> Yes, at the time I ran three different benchmarks over the non-opencl version 
> because I was trying to compare three different versions of the ANSI C code. 
> This was, the ANSI C code currently in the trunk, the code in the trunk with 
> the patch #473 applied (patch from Vasco that removed the gotos from the 
> bool_eval(), and the ANSI C code in the opencl branch, which uses a boolean 
> tree in postfix notation. But perhaps this is not the best approach to 
> compare the performance. Well, at least I couldn’t really understand which 
> number in the benchmark log I should look at to compare. Is is the “Total 
> testing time elapsed” or the “VGR” metric? The “VGR” number didn’t make much 
> sense, because the version that got higher VGR is the code in which the ‘rt’ 
> command takes more time to run.

Ah, that explains things.  All three results were within volatility tolerance, 
effectively identical timings (within 1% deviation).  More importantly, they 
are “RIGHT” aka valid results, which speaks well to the refactoring cleanup.  
Performance may be in the noise, but correctness means it could be committed.

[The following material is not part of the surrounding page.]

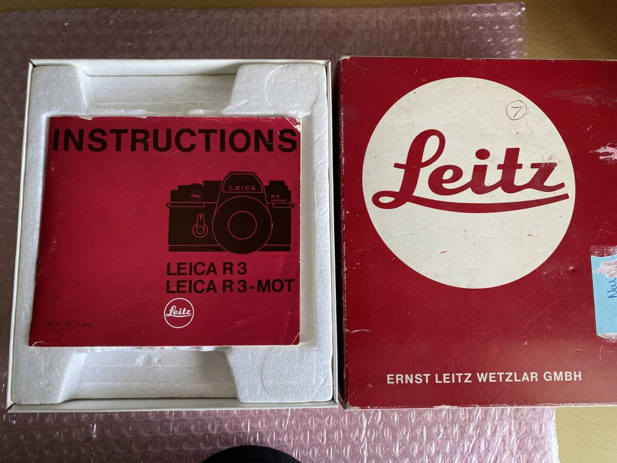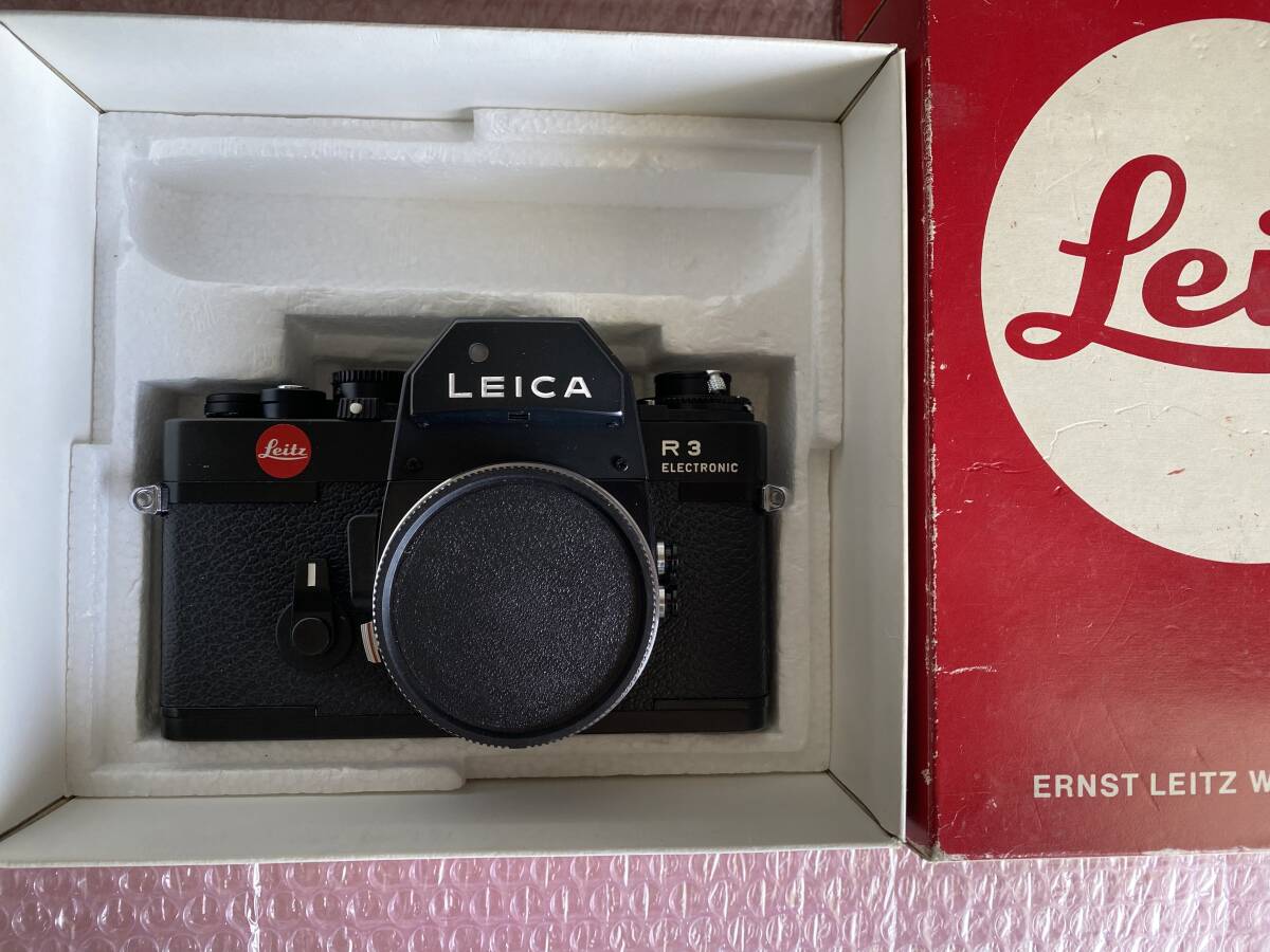 Leitz LEICA R3 ELECTRONIC 美品コレクション向け元箱付きです。Leitz社の終末期に生まれたR型システムカメラの初代機種です。マニュアル、絞り優先AEです。使用感はほとんどなくあまり実使用はされなかったと思われます。動作は正常です。ファインダーもチリはありますが実使用で問題なく綺麗です。元箱もシリアル通りでコレクションにもお勧めです。

The benchmark is actually just right for understanding the real impact of these 
types of changes.  It’s a validation and timing framework.  As for the timings, 
just pay attention to the summary VGR metric (e.g., 32189).  All the number 
tell different things, but that’s a linear one relevant to tracking performance.

If you made a change and VGR goes from 32k to 35k, that means you sped things 
up about 10%.  It’s a simple linear metric.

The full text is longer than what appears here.